DATA
● ● ●
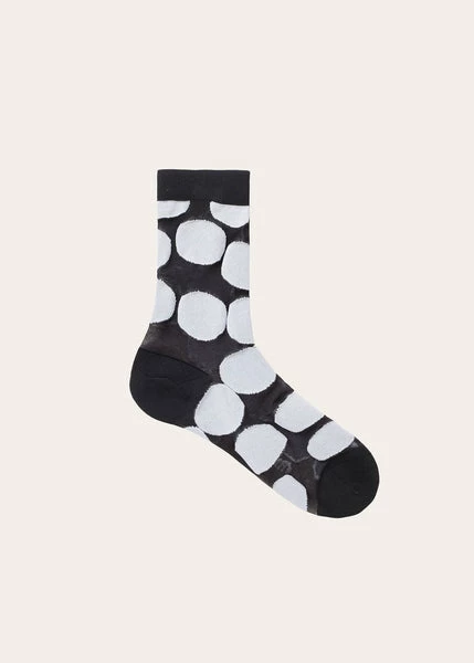 STINE GOYA Tilly Socks – Small Dots Tilly Socks in Small Dots. Durable crew socks with semi-transparent pattern, elasticated cuff and heel and toe reinforcements. For the Pre-Fall 2022 collection, Stine Goya offers a celebration of authenticity and unapologetic self-expression. Inspired by American artist Kerry James Marshall, YOUR FREEDOM – MY LOVE is enriched with modern adaptations of timeless shapes and styles through bold patterns, bright colours, and a fierce sense of individuality. ONE SIZE FITS SIZE 36-41 100% POLYAMIDE MACHINE WASH MADE IN PORTUGAL Style ref: SG4303
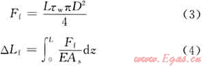 對于帶封隔器井下管柱,隨著井筒壓力、溫度等參數(shù)變化而產(chǎn)生溫度效應(yīng)、活塞效應(yīng)、鼓脹效應(yīng)、螺旋彎曲效應(yīng)。對這4個基本效應(yīng)產(chǎn)生的管柱變形及其變形力,國內(nèi)外學者已經(jīng)做了大量研究,此不贅述。對于深層氣井,高速擠酸過程中,流體粘滯摩阻效應(yīng)是引起管柱變形的重要因素,也是造成管柱、封隔器失效的主要原因。因此,在分析管柱變形時除了要考慮上述4種基本效應(yīng)外,還必須考慮流體粘滯摩阻效應(yīng),粘滯摩阻力(Ff)和摩阻效應(yīng)變形(△Lf)分別由下式表示[7~8]:
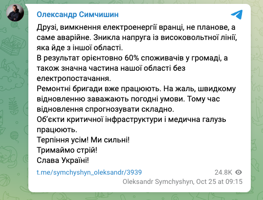 22 октября РФ нанесла очередной массированный удар по энергетике Украины во многих областях, в том числе Хмельницкой, где без света остались сразу почти 700 тысяч абонентов.
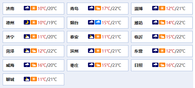 最低气温:潍坊、临沂、日照和半岛地区14℃左右,其他地区10℃左右。
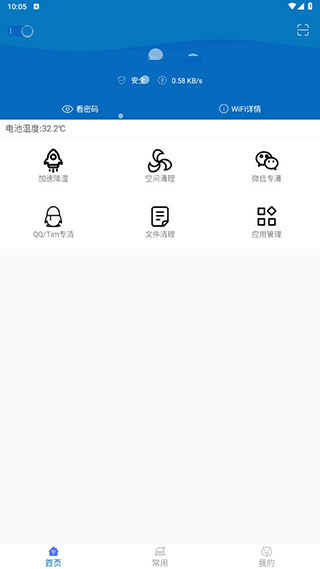 1、进入旋风清理App后默认进入首页,可使用加速降温、空间清理与文件清理等多种手机优化功能。
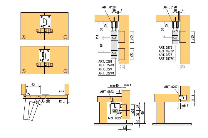 Sada kování pro dvoje skládací dveře se spodním vedením. Maximální rozměr jednoho křídla - 300 x 2000 mm. Pravolevá verze.
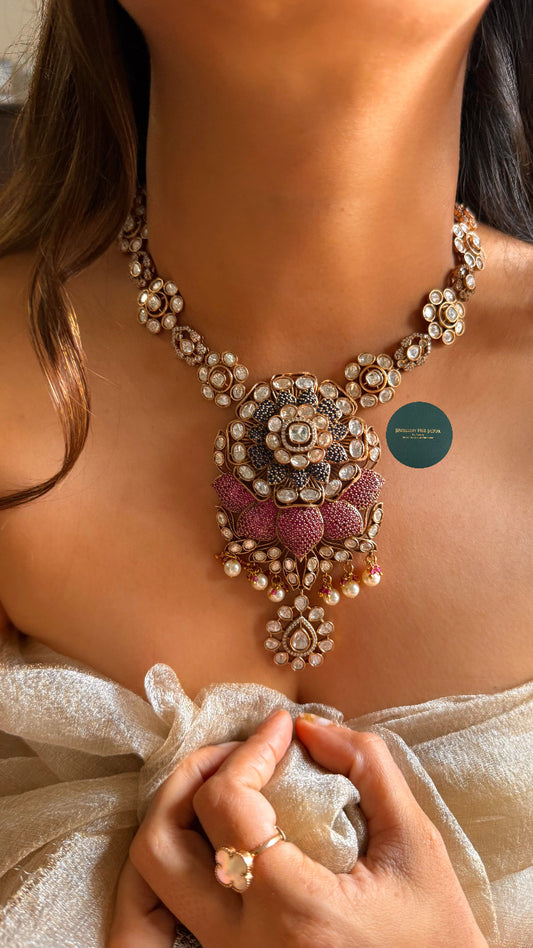 Rani pink floral real moissanite choker set
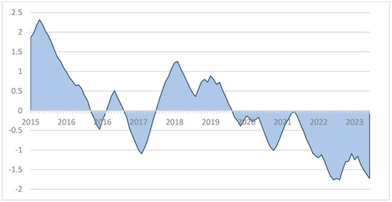 Monthly water volumes in Morocco’s reservoirs between January 2015 and December 2023 (centerd reduced difference) (source: General Directorate of Hydraulics), http://maghreb-assoudoud.water.gov.ma/fr/site/today, accessed on 20 September 2024.
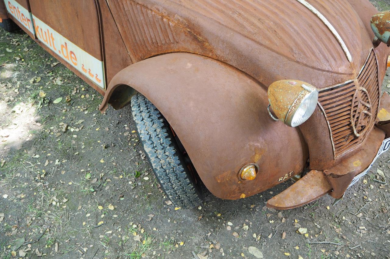 Und es gibt sie noch. Staubige Studenten, knorrige Revoluzzern, junggebliebene Rebellen. All jene, die den Wink der Zukunft nicht abbekommen haben und die seit jeher immer noch in einer Welt leben, in der ein abgerockter und durchlebter 2CV zum guten Ton gegen das System gehört. Man muss ja auch was tun gegen den Kapitalismus und gegen die Welt, die sich so schnell weiterdreht ohne einen gefragt zu haben. Ja Scheiße noch eins! Nicht mit uns! - So oder so ähnlich muss es dort zu gehen, in den Köpfen derjenige, die den Spaß daran finden, ihren Citroen derart niedergewirtschaftet am Leben zu erhalten.
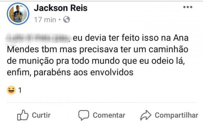 O usuário que se identifica como Jackson Reis, manifestou acerca do massacre na Escola Estadual Raul Brasil da cidade de Suzano, interior de São Paulo e expressou a intenção de produzir fato semelhante na Escola Estadual Ana Mendes, no distrito de São Pedro do Avaí, município de Manhuaçu, na Zona da Mata mineira.
● ● ●
DIRECTIONS
Where a line contains "22 октября РФ", begin there and set down exactly each line through the end of the data above, omitting any pictures.

YOUR RESPONSE
 22 октября РФ нанесла очередной массированный удар по энергетике Украины во многих областях, в том числе Хмельницкой, где без света остались сразу почти 700 тысяч абонентов.
 最低气温:潍坊、临沂、日照和半岛地区14℃左右,其他地区10℃左右。
 1、进入旋风清理App后默认进入首页,可使用加速降温、空间清理与文件清理等多种手机优化功能。
 Sada kování pro dvoje skládací dveře se spodním vedením. Maximální rozměr jednoho křídla - 300 x 2000 mm. Pravolevá verze.
 Rani pink floral real moissanite choker set
 Monthly water volumes in Morocco’s reservoirs between January 2015 and December 2023 (centerd reduced difference) (source: General Directorate of Hydraulics), http://maghreb-assoudoud.water.gov.ma/fr/site/today, accessed on 20 September 2024.
 Und es gibt sie noch. Staubige Studenten, knorrige Revoluzzern, junggebliebene Rebellen. All jene, die den Wink der Zukunft nicht abbekommen haben und die seit jeher immer noch in einer Welt leben, in der ein abgerockter und durchlebter 2CV zum guten Ton gegen das System gehört. Man muss ja auch was tun gegen den Kapitalismus und gegen die Welt, die sich so schnell weiterdreht ohne einen gefragt zu haben. Ja Scheiße noch eins! Nicht mit uns! - So oder so ähnlich muss es dort zu gehen, in den Köpfen derjenige, die den Spaß daran finden, ihren Citroen derart niedergewirtschaftet am Leben zu erhalten.
 O usuário que se identifica como Jackson Reis, manifestou acerca do massacre na Escola Estadual Raul Brasil da cidade de Suzano, interior de São Paulo e expressou a intenção de produzir fato semelhante na Escola Estadual Ana Mendes, no distrito de São Pedro do Avaí, município de Manhuaçu, na Zona da Mata mineira.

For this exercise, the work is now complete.